Another change in hurricane behavior has been a new-found ability to intensify into a major storm over a short period of time. Hurricane Helene rapidly intensified into a Category 4 hurricane over the Gulf of Mexico in 2024 due to record-warm waters, and brought devastating floods from Florida to North Carolina.
Super-speed for super storms
Until relatively recently, hurricane forecasts involved scientists applying mathematical calculations to current atmospheric data to determine how the conditions would impact a storm over time.
These traditional models have been highly successful. The 2024 forecasts from the National Hurricane Center were the most accurate on record because of improvements in computing power.

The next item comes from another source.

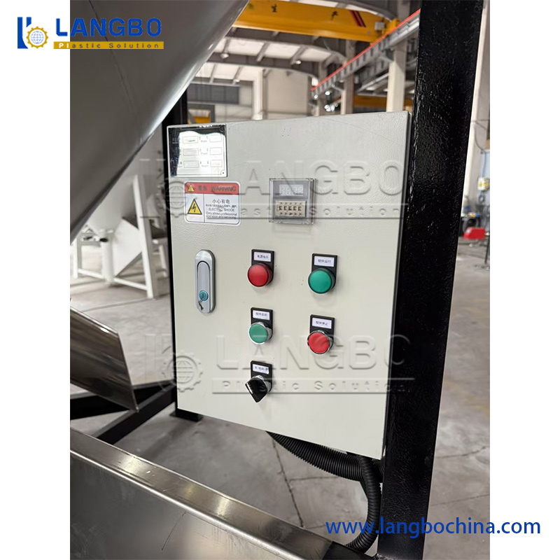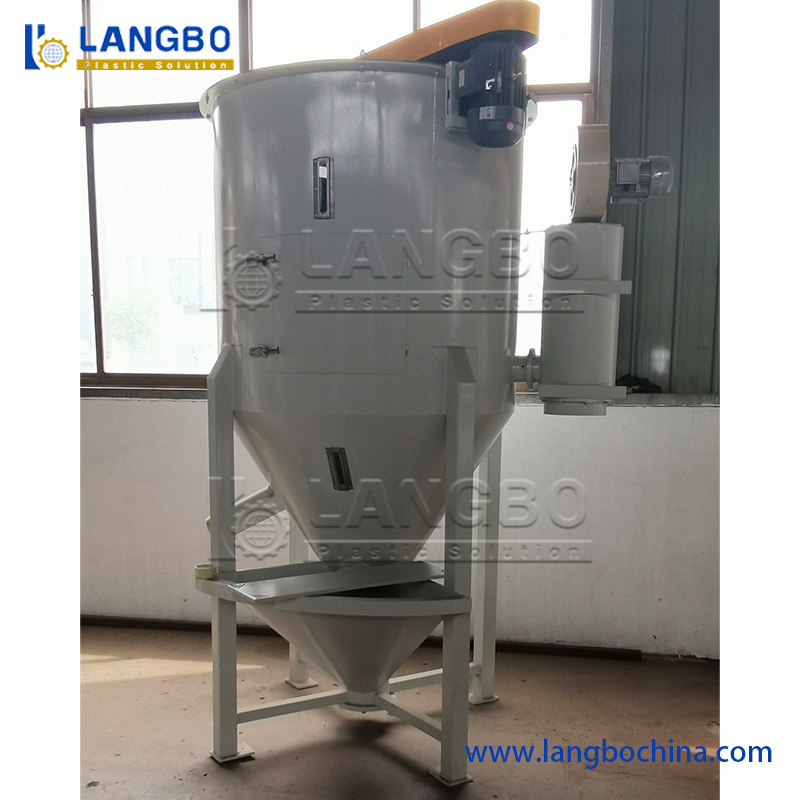 Verticale meng- en droogmachine met een hoog rendement, ontworpen voor HDPE- en LDPE-pellets en fijnstof, die voor een gelijkmatig meng- en drogingsresultaat zorgt.

But with rise of AI, scientists believe they can do even better: the technology has improved the prediction success rate by an average of between 15-30 percent over traditional models, according to atmospheric scientists at the University of Houston.

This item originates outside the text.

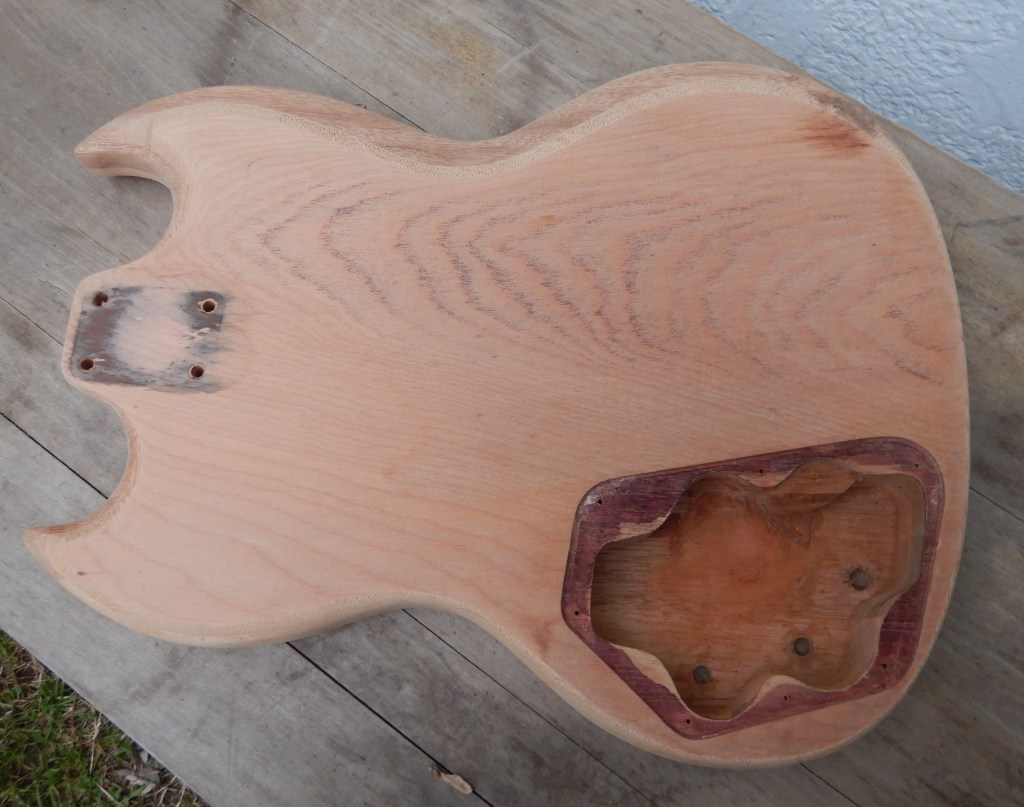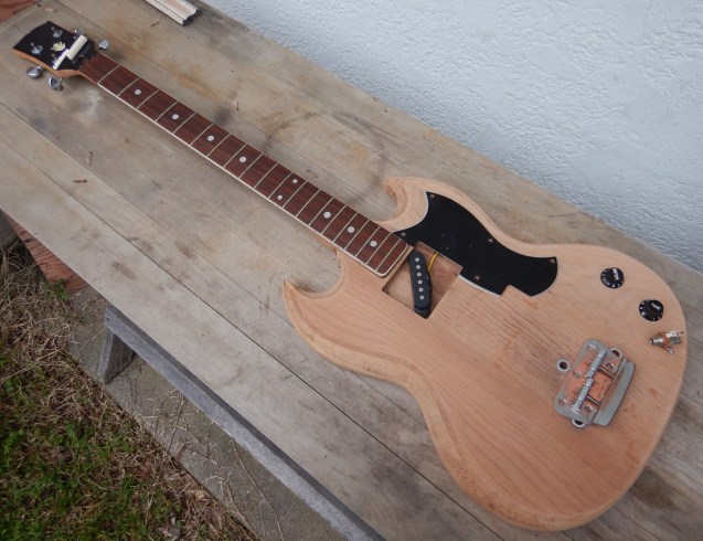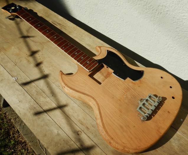 Here’s a Japanese 4-string short-scale bass body and neck I bought from Alex, my Afghanistan music man junk instrument vendor, at Denio’s flea market in Roseville, California for $30.

Along with NOAA other leading institutions in the U.S. that study weather and climate, including Colorado State University and the University of Chicago, have been able to incorporate the technology into existing systems.

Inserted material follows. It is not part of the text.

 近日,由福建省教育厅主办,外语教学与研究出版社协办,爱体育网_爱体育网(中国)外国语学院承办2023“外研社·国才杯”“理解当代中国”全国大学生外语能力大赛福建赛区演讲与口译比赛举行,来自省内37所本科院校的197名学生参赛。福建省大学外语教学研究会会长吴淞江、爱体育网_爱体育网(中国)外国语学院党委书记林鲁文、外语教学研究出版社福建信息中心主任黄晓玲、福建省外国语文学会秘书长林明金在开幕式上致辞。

Google’s DeepMind model, which helps with both seasonal and short-term hurricane forecasts, helped to predict the rapid intensification of Hurricane Melissa. That meant earlier evacuation, better preparation on the ground and lives saved, Evan Thompson, the principal director for Meteorological Service Jamaica told Google.

Last year, it “beat everything else for the 2025 season,” James Franklin, a retired weather forecaster who spent 35 years working on hurricanes at NOAA and has been involved with DeepMind, told The Independent.
That’s partially due to the large sets of data that DeepMind was trained on, according to Bryan Norcross, a hurricane specialist at FOX Weather who consulted on the project.
“Over the next year, increasingly high-resolution datasets of past weather will come online. As understanding of the technology also deepens, the expectation is that AI models from Google DeepMind and other labs will continue to improve,” he said.
Data is at the core of how any AI model improves and is key to ensure hurricane forecasting become more accurate in the future, Phil Klotzbach, a senior research scientist at Colorado State University, added.
“If you can give the AI model really good data to develop off of, it will give you a good answer,” he said.
Another reason to rely on AI is speed — a critical factor when studying storms that could make landfall in a matter of hours.

Traditional forecasting typically take a few hours to reach a conclusion, whereas DeepMind is eight times faster than regular models, according to Google.
“We can run a lot more of them and they run very cheaply,” Jeff Berardelli, chief meteorologist and climate specialist at WFLA-TV, told The Independent. “So, for a regular dynamical model, it may take hours to run on a supercomputer because it’s very calculation and equation intensive.”
The unprecedented
Of course, AI hurricane forecasting is not perfect- it needs historical data to be able to provide accurate forecasts.
But, what happens when an AI model is involved in the forecast for a storm that could be stronger than anything we’ve seen before?
“Being that the climate is warming, the atmosphere is warming, the oceans are warming, there are going to be some unprecedented events – not just for hurricanes but for heatwaves and for floods and stuff like that – that the AI model can’t predict because it doesn’t have it in its database,” Berardelli said.

Franklin said he’s less worried about that because, at least in the case of Google’s DeepMind, the AI can still forecast a major storm when it happens, no matter the strength.
“While it’s true that it can only work with the data that it has … I’m just not sure a modest increase due to higher ocean heat content … is, in a practical sense, a big deal,” he said.
There remains a bigger issue to contend with. AI is powered by data centers that not only need a large amount of water to run but consume vast quantities of electricity, thus burning the fossil fuels driving the climate crisis – and in turn, nastier hurricanes.